В глазах некоторых римских аристократов этот жест превратил Катона в мученика за дело Республики и (утраченной) свободы. Цезарь же, понятное дело, не признавал за погибшим подобного статуса; диктатор испытывал к Катону такую ненависть, что даже через несколько месяцев после смерти своего врага нашел время, чтобы написать на удивление злобный памфлет, само название коего, «Антикатон», в полной мере раскрывает его содержание.

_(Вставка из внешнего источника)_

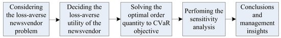 In this section, we investigate the optimal order decisions of the loss-averse newsvendor in a backorder setting. First, we solve the optimal order quantities to maximize the expected utility and CVaR about utility, respectively. Then, based on the optimal order quantities, we perform sensitivity analysis to analyze the properties of the optimal order quantities. Finally, we present management insights based the obtained results. The flowchart of the research is given in Figure 1.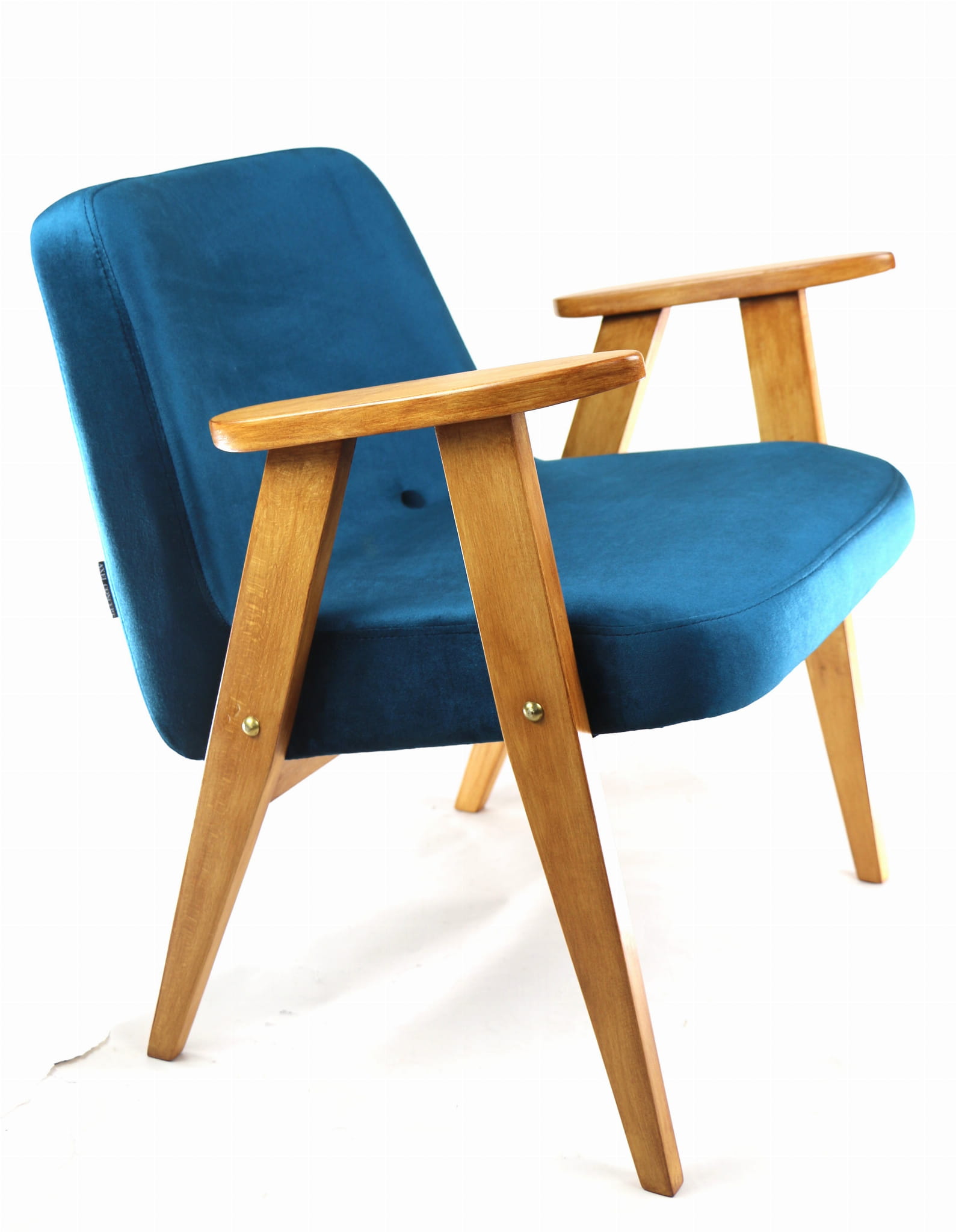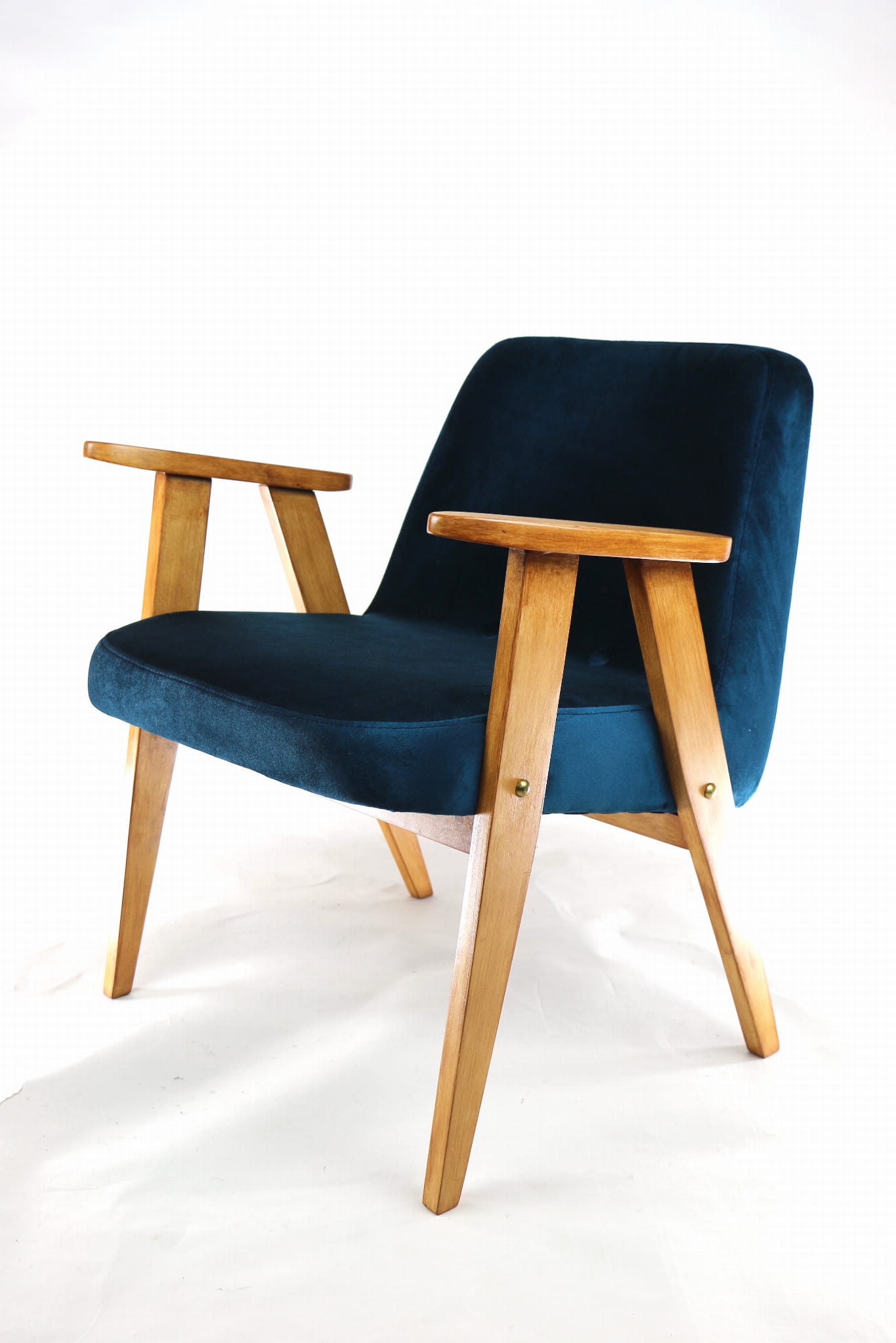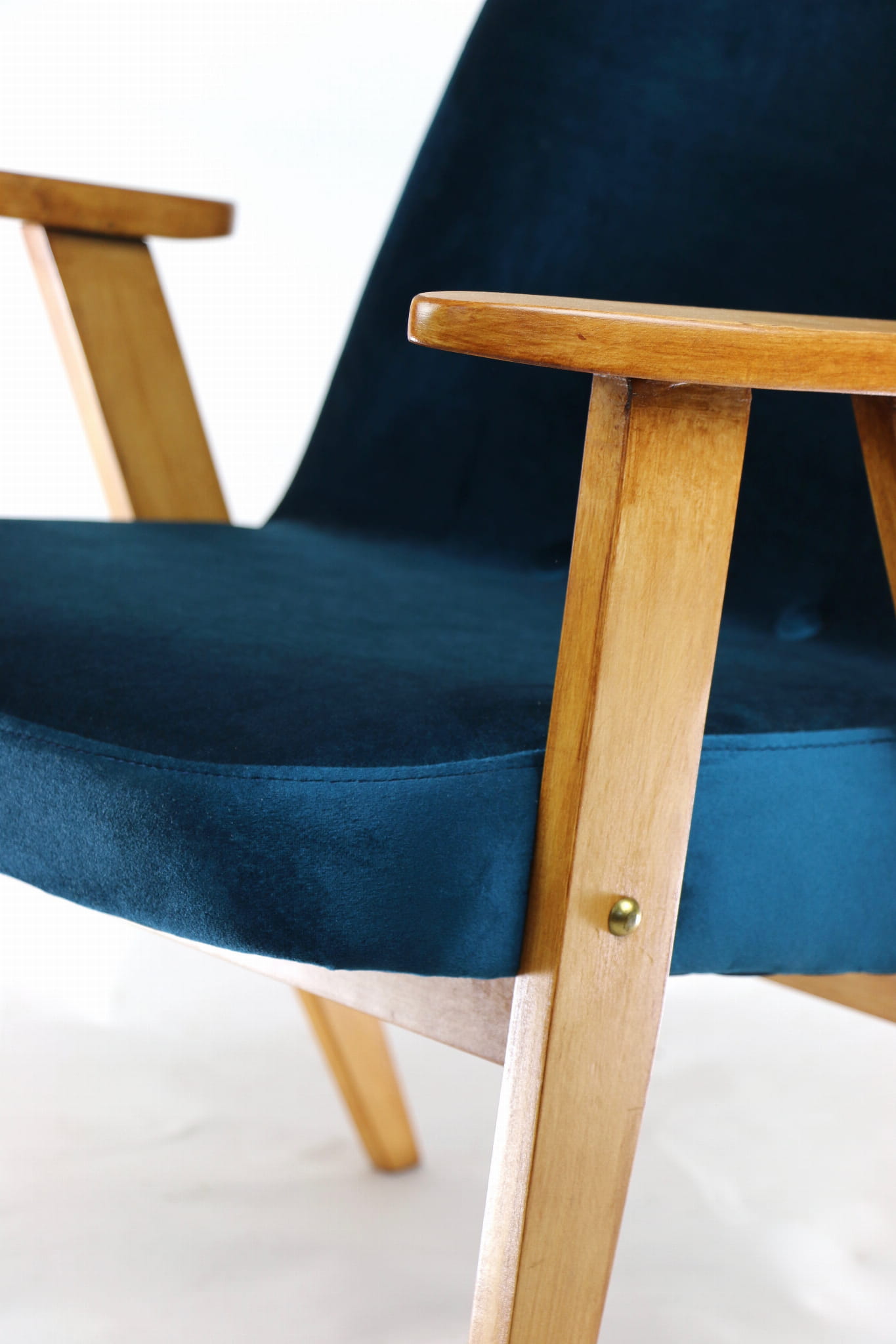 Fotel 366 Józefa Chierowskiego, odrestaurowany. Nowe obicie pokryte najwyższej jakości materiałem tapicerskim w kolorze zielonym z serii welwetów. Stelaż drewniany z podłokietnikami w kolorze palisander. Jeden z podłokietników posiada delikatne wgłębienia w drewnie, które są widoczne na zdjęciu.

Цицерон, следовательно, имел все основания полагать, что «пакт» между Цезарем и Клеопатрой был скреплен ненавистью, которую оба они питали к человеку, которого сам оратор считал героем, — к Катону. Цезарь, со своей стороны, сделал все, чтобы подкрепить такую точку зрения. Например, во время триумфа, посвященного его победе над Африкой, он с искренним удовольствием выставил напоказ тошнотворную картину, изображавшую, как Катон, после своего харакири, пожирает собственные внутренности; и Клеопатра не могла не увидеть в этом мстительный намек на не менее тошнотворный сеанс, который Катон когда-то устроил для бежавшего из Александрии Флейтиста, — знаменитый эпизод со стульчаком. Иными словами, любовники были согласны в том, что красная цена Катону — куча дерьма.

Захотел ли Цицерон, которому было известно, что царица прекрасно знает философию стоицизма и сама относится к смерти с таким же презрением, как стоики, побеседовать с ней о самоубийстве Катона? Или Клеопатра первой заговорила об этом со старым оратором? Обменялись ли они хоть какими-то словами по этому поводу? Скорее всего, нет: Цицерон слишком боялся Цезаря и хорошо знал, что благодаря своей сети тайных агентов — целой бригаде опытных негодяев, которые уже очень давно следят за друзьями и врагами диктатора, — Цезарь, как бы далеко он ни уехал из Рима, днем и ночью остается в курсе всего, что говорят и делают за его спиной. Что же касается Клеопатры, то она никогда не снисходила до споров с людьми, которых презирала.

Поэтому, видимо, на велеречивые излияния Цицерона она отвечала только улыбкой, молчанием. И еще было нечто, что так часто ускользает от внимания даже лучших виртуозов искусства владеть собой: искорка иронии в глубине ее глаз. Худшее из возможных оскорблений для старого, уязвленного в своих чувствах мужчины.

* * *

Итак, в этом пустячном моменте Клеопатра ошиблась. В первый раз в жизни удивительная интуиция царицы ее подвела. И это была не просто мелкая оплошность, а ошибка — по ее мерке — фундаментальная. На протяжении всей своей жизни, и даже после смерти, Клеопатра будет за нее расплачиваться.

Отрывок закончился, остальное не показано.